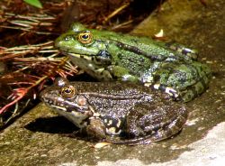 De groene kikkers zijn rondom Skala Kalloni zeer talrijk. Overal waar water is worden ze gezien en gehoord. Zowel ’s nachts als overdag zijn de luide kikkerconcerten niet van de lucht. Het gaat om een flink uit de kluiten gewassen, groene kikker. Wat de roep betreft, maar ook de kleine, platte metatarsusknobbel, ontegenzeggelijk de Meerkikker Rana ridibunda, zoals ook lang gedacht is. Echter, de Duitse onderzoeker Jörg Plötner die studie aan deze dieren heeft verricht, meldt dat het DNA van deze dieren sterke gelijkenis vertoont met die van het Anatolische vasteland (Turkije). Het dier luistert nu naar de naam Rana bedriagae. De dieren, die erg variabel van kleur zijn, zitten vaak uren in de brandende zon en worden in de plaats Kalloni bij honderden in een dan bijna droge betonnen rivierbedding gezien. Het valt op dat ze graag groepjes vormen.
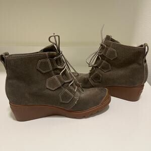 Sorel Toronto Wedge Suede Olive Green Booties Size 9
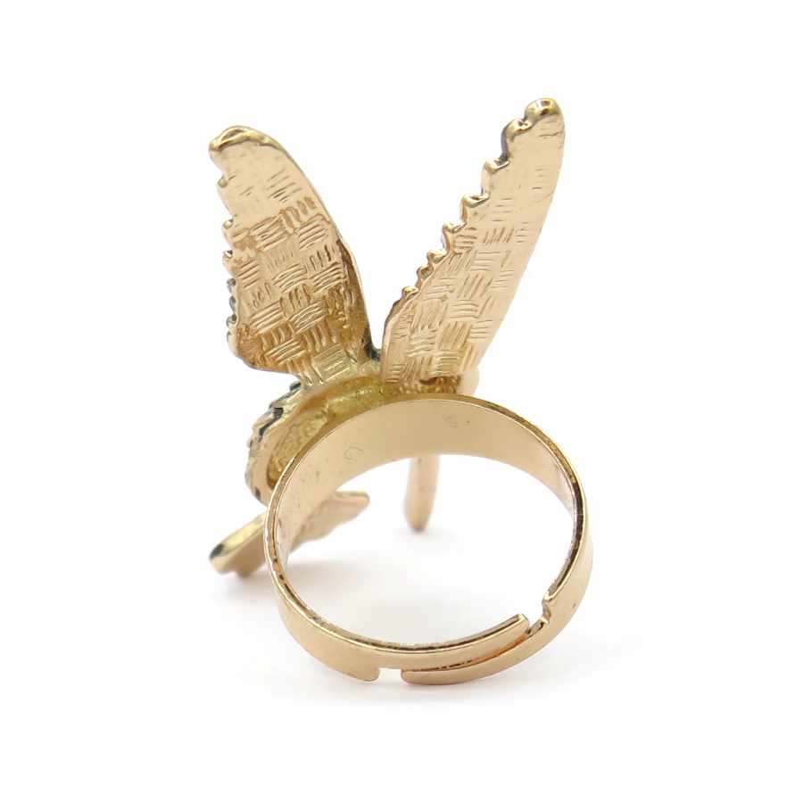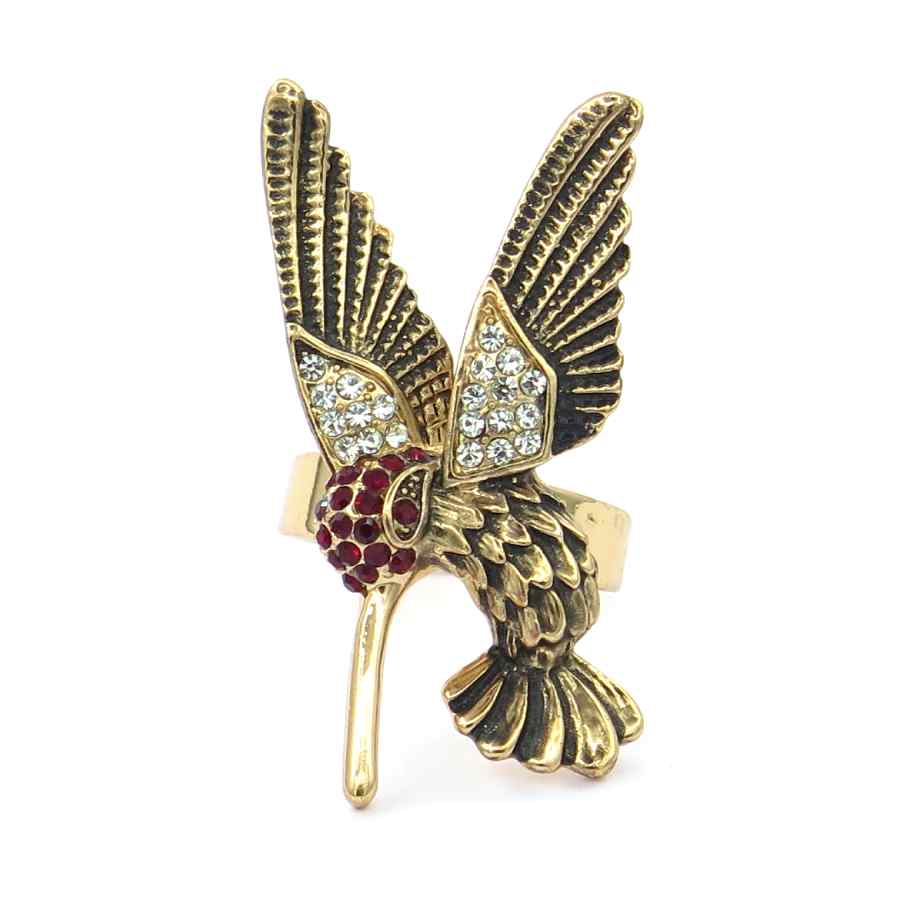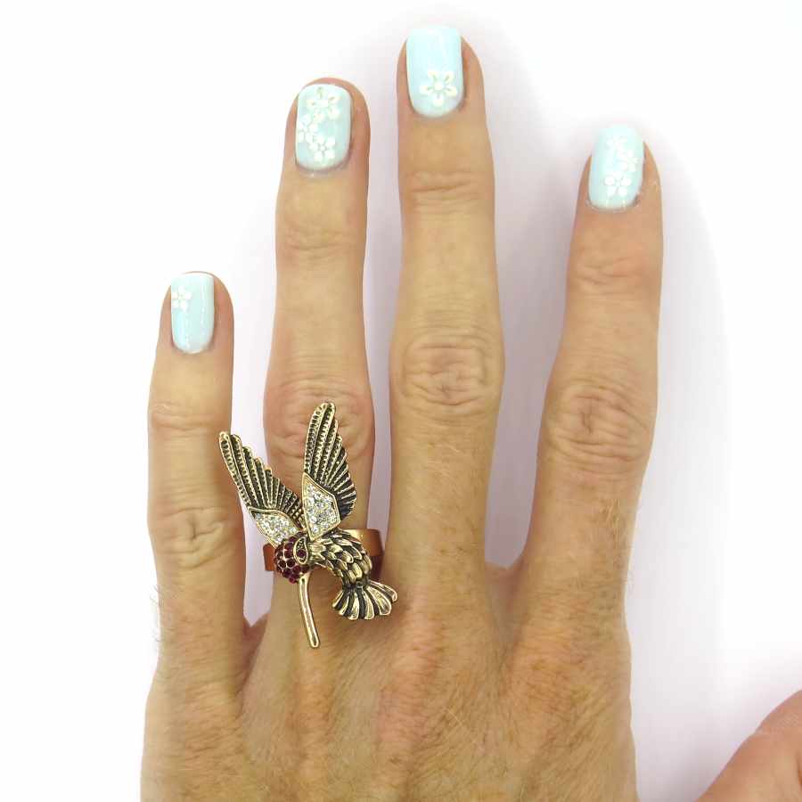 Ring met kolibrie vogel met mooie subtiele steentjes in wit en rood. De ring zelf is rosé van kleur en aan de achterkant te verstellen. De kolibrie is 3.7 cm lang en 1.8 cm breed.
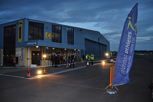 As the name suggests, it’s a 1 mile dash, but what makes this race special is that it took place on the runway of the airport with the landing lights etc on. It’s an incredible venue, with registration in the arrivals lounge as the sun goes down. There were 96 runners on the start line and plenty of support waiting at the finish for them.
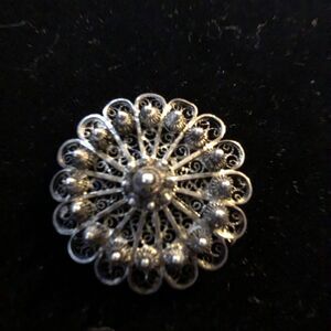 Vintage Oxidized Silver 925 Filigree Blooming Flower Dotted Round Pin Brooch
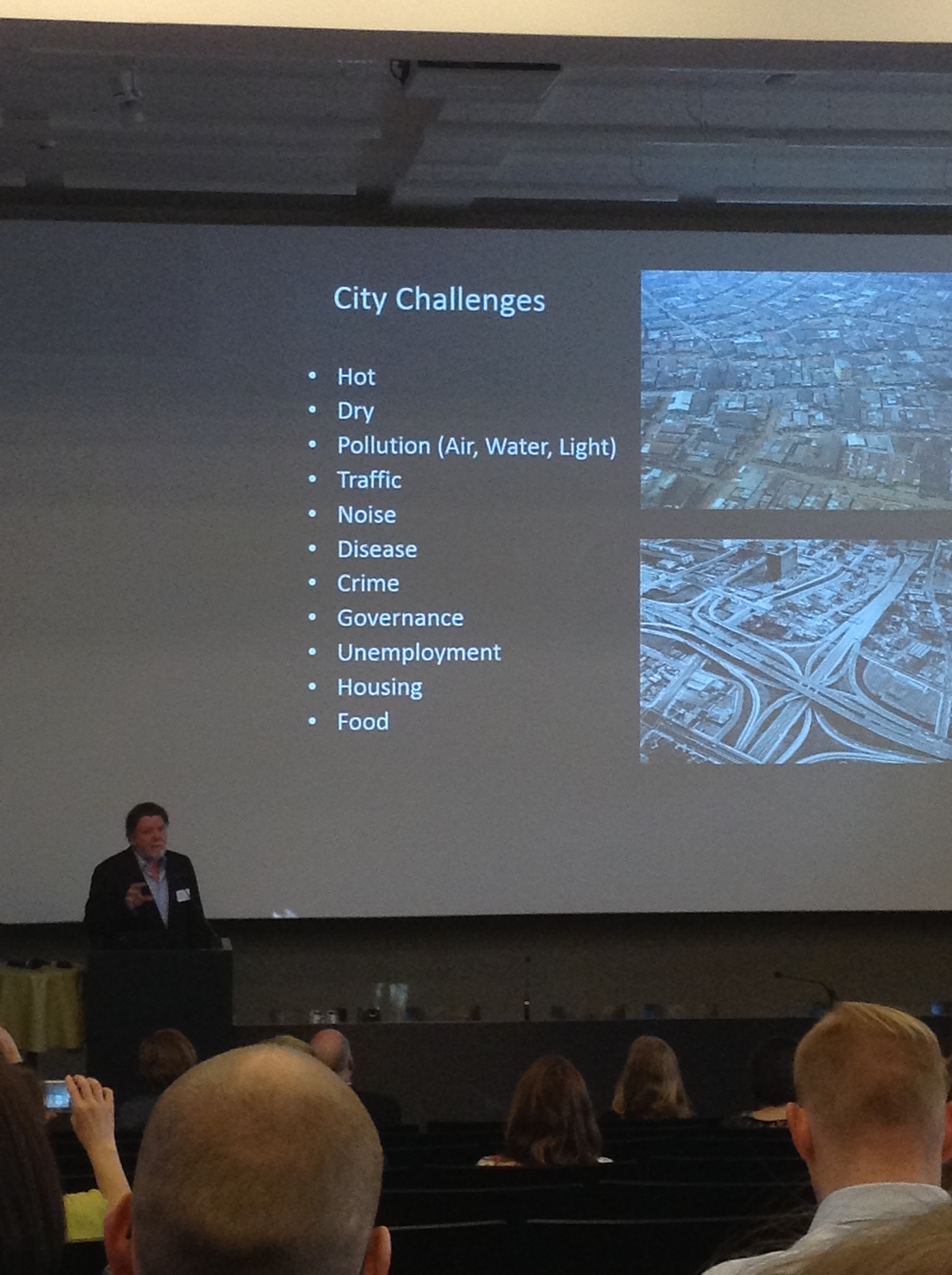 Gary Grantin (johtaja, Green Infrastructure consultancy, London, UK) esitys oli todella kiinnostava. Hän kertoi kaupunkien haasteista sopeutumisessa sään ääri-ilmiöihin kuten kuumuuteen. Viherkatot voisivat laskea lämpötilaa taloissa niissä kaupungeissa, jotka kärsivät kuumuusaalloista. Päinvastoin kuin usein luullaan, viherkatot ja aurinkopaneelit ovat yhdistettävissä ja hyönteisetkin viihtyvät viherkatoilla. Sade nähdään usein ongelmana, mutta asennetta muuttamalla ja suunnittelemalla luonnonmukaisempia ympäristöjä voisimme esimerkiksi vähentää viemäriin menevän veden määrää.
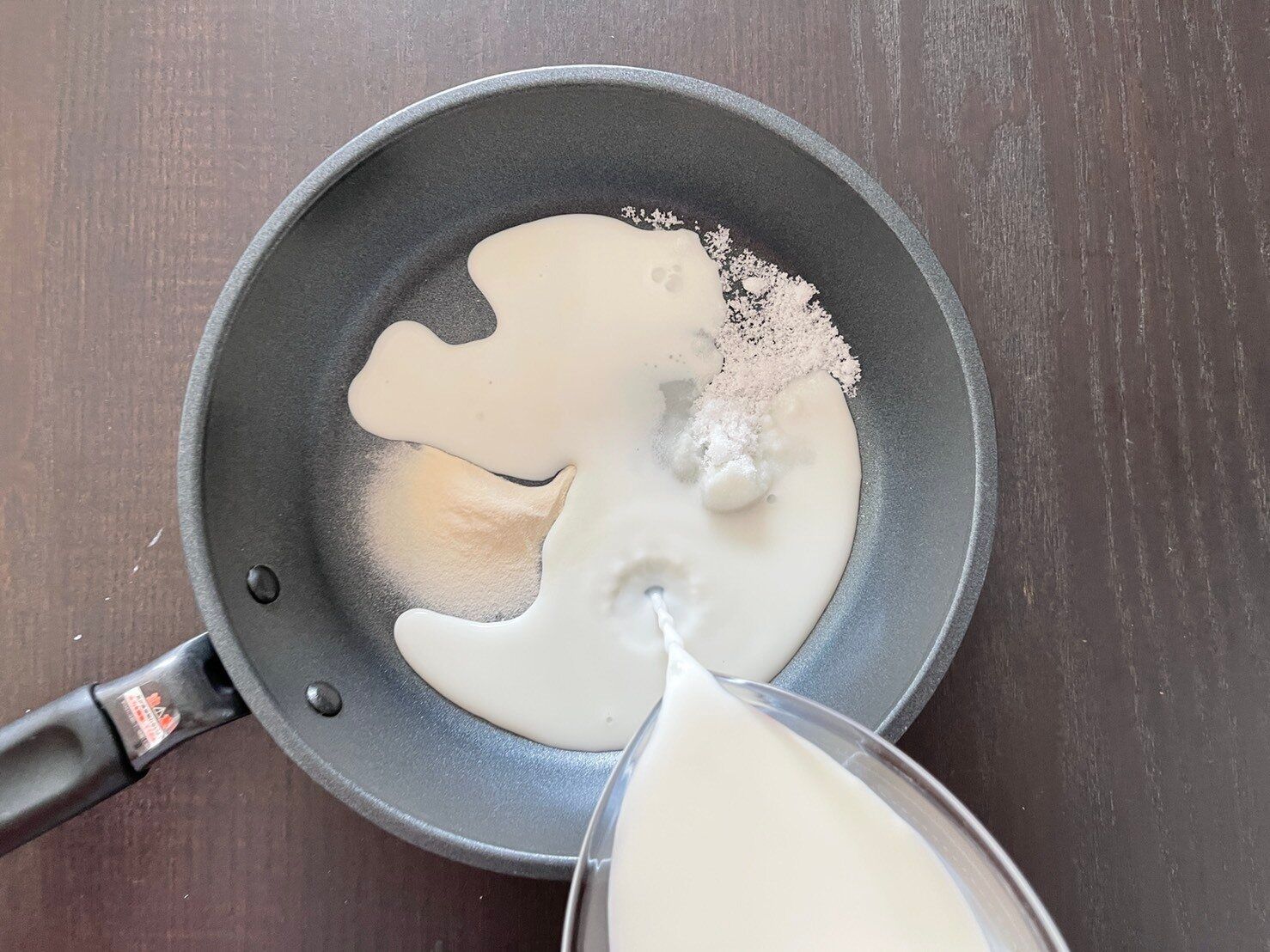 2.牛乳、粉寒天、砂糖をあわせて弱火にかけ、とろみがつくまで加熱する。
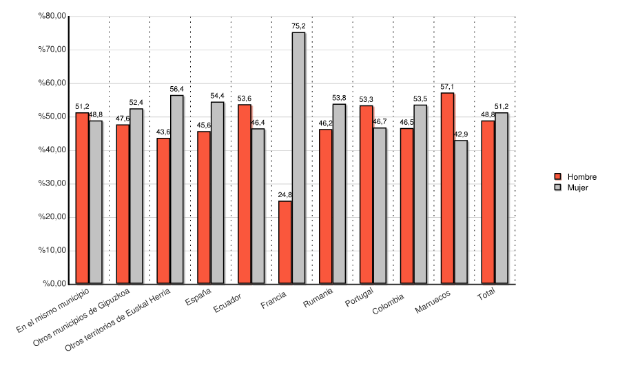 | Otros municipios de Gipuzkoa | 3.667 | 47,6 | 4.040 | 52,4 | 7.707 | 100,0 |
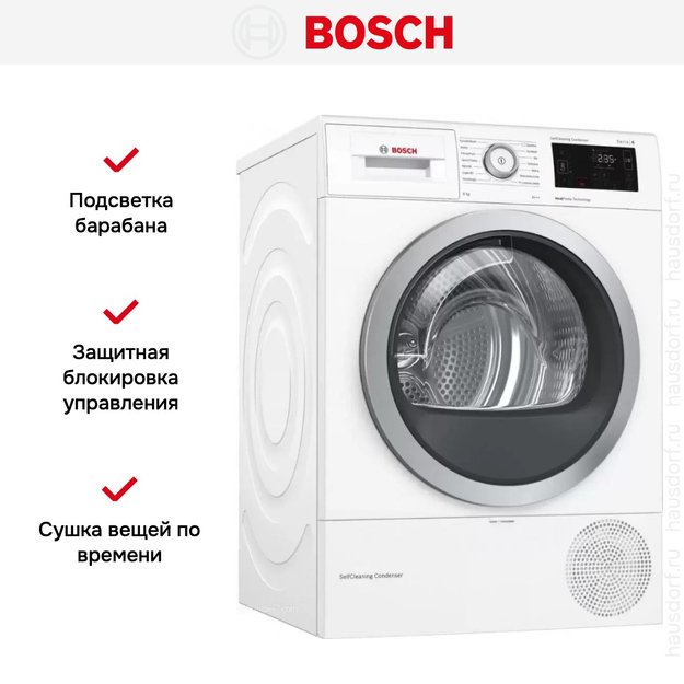Самоочистка конденсатора — полезная функция, присутствующая в сушильных машинах от ведущих производителей бытовой техники, например, Bosch и Siemens, и облегчающая уход за прибором. Конденсатором оснащаются устройства с конденсационной сушкой или сушкой с тепловым насосом . Для очистки требуется только выбрать соответствующую программу и запустить ее: ворсинки и прочий мусор будут удалены автоматически. В некоторых случаях очистка производится без участия человека после каждого рабочего цикла: чтобы промыть конденсатор, используется влага, полученная в процессе сушки.
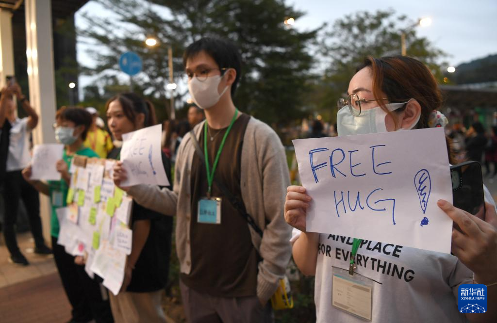 11月30日,義工在香港大埔廣福休憩處舉牌提供免費擁抱,提供心理疏導。新華社記者 陳鐸 攝
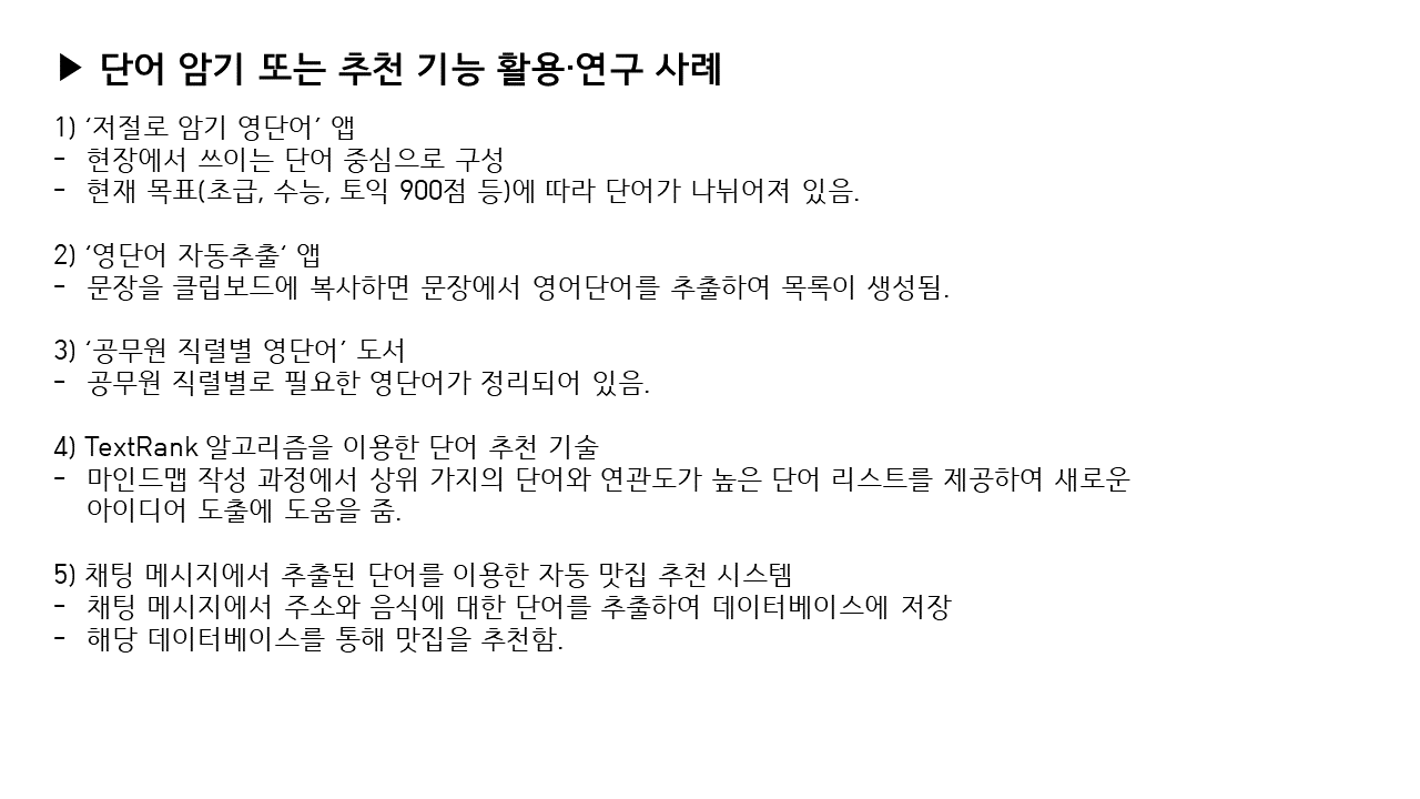 영단어 추천 공부로 연구 과제를 변경하기로 한 만큼, 그에 관련된 사례를 찾아보고 아이디어를 다시 계획 및 구체화시키는 시간을 가졌다.

| Task description |
Return each record as written, minus its images.

| Answer for the task |
 De groene kikkers zijn rondom Skala Kalloni zeer talrijk. Overal waar water is worden ze gezien en gehoord. Zowel ’s nachts als overdag zijn de luide kikkerconcerten niet van de lucht. Het gaat om een flink uit de kluiten gewassen, groene kikker. Wat de roep betreft, maar ook de kleine, platte metatarsusknobbel, ontegenzeggelijk de Meerkikker Rana ridibunda, zoals ook lang gedacht is. Echter, de Duitse onderzoeker Jörg Plötner die studie aan deze dieren heeft verricht, meldt dat het DNA van deze dieren sterke gelijkenis vertoont met die van het Anatolische vasteland (Turkije). Het dier luistert nu naar de naam Rana bedriagae. De dieren, die erg variabel van kleur zijn, zitten vaak uren in de brandende zon en worden in de plaats Kalloni bij honderden in een dan bijna droge betonnen rivierbedding gezien. Het valt op dat ze graag groepjes vormen.
 Sorel Toronto Wedge Suede Olive Green Booties Size 9
 Ring met kolibrie vogel met mooie subtiele steentjes in wit en rood. De ring zelf is rosé van kleur en aan de achterkant te verstellen. De kolibrie is 3.7 cm lang en 1.8 cm breed.
 As the name suggests, it’s a 1 mile dash, but what makes this race special is that it took place on the runway of the airport with the landing lights etc on. It’s an incredible venue, with registration in the arrivals lounge as the sun goes down. There were 96 runners on the start line and plenty of support waiting at the finish for them.
 Vintage Oxidized Silver 925 Filigree Blooming Flower Dotted Round Pin Brooch
 Gary Grantin (johtaja, Green Infrastructure consultancy, London, UK) esitys oli todella kiinnostava. Hän kertoi kaupunkien haasteista sopeutumisessa sään ääri-ilmiöihin kuten kuumuuteen. Viherkatot voisivat laskea lämpötilaa taloissa niissä kaupungeissa, jotka kärsivät kuumuusaalloista. Päinvastoin kuin usein luullaan, viherkatot ja aurinkopaneelit ovat yhdistettävissä ja hyönteisetkin viihtyvät viherkatoilla. Sade nähdään usein ongelmana, mutta asennetta muuttamalla ja suunnittelemalla luonnonmukaisempia ympäristöjä voisimme esimerkiksi vähentää viemäriin menevän veden määrää.
 2.牛乳、粉寒天、砂糖をあわせて弱火にかけ、とろみがつくまで加熱する。
 | Otros municipios de Gipuzkoa | 3.667 | 47,6 | 4.040 | 52,4 | 7.707 | 100,0 |
Самоочистка конденсатора — полезная функция, присутствующая в сушильных машинах от ведущих производителей бытовой техники, например, Bosch и Siemens, и облегчающая уход за прибором. Конденсатором оснащаются устройства с конденсационной сушкой или сушкой с тепловым насосом . Для очистки требуется только выбрать соответствующую программу и запустить ее: ворсинки и прочий мусор будут удалены автоматически. В некоторых случаях очистка производится без участия человека после каждого рабочего цикла: чтобы промыть конденсатор, используется влага, полученная в процессе сушки.
 11月30日,義工在香港大埔廣福休憩處舉牌提供免費擁抱,提供心理疏導。新華社記者 陳鐸 攝
 영단어 추천 공부로 연구 과제를 변경하기로 한 만큼, 그에 관련된 사례를 찾아보고 아이디어를 다시 계획 및 구체화시키는 시간을 가졌다.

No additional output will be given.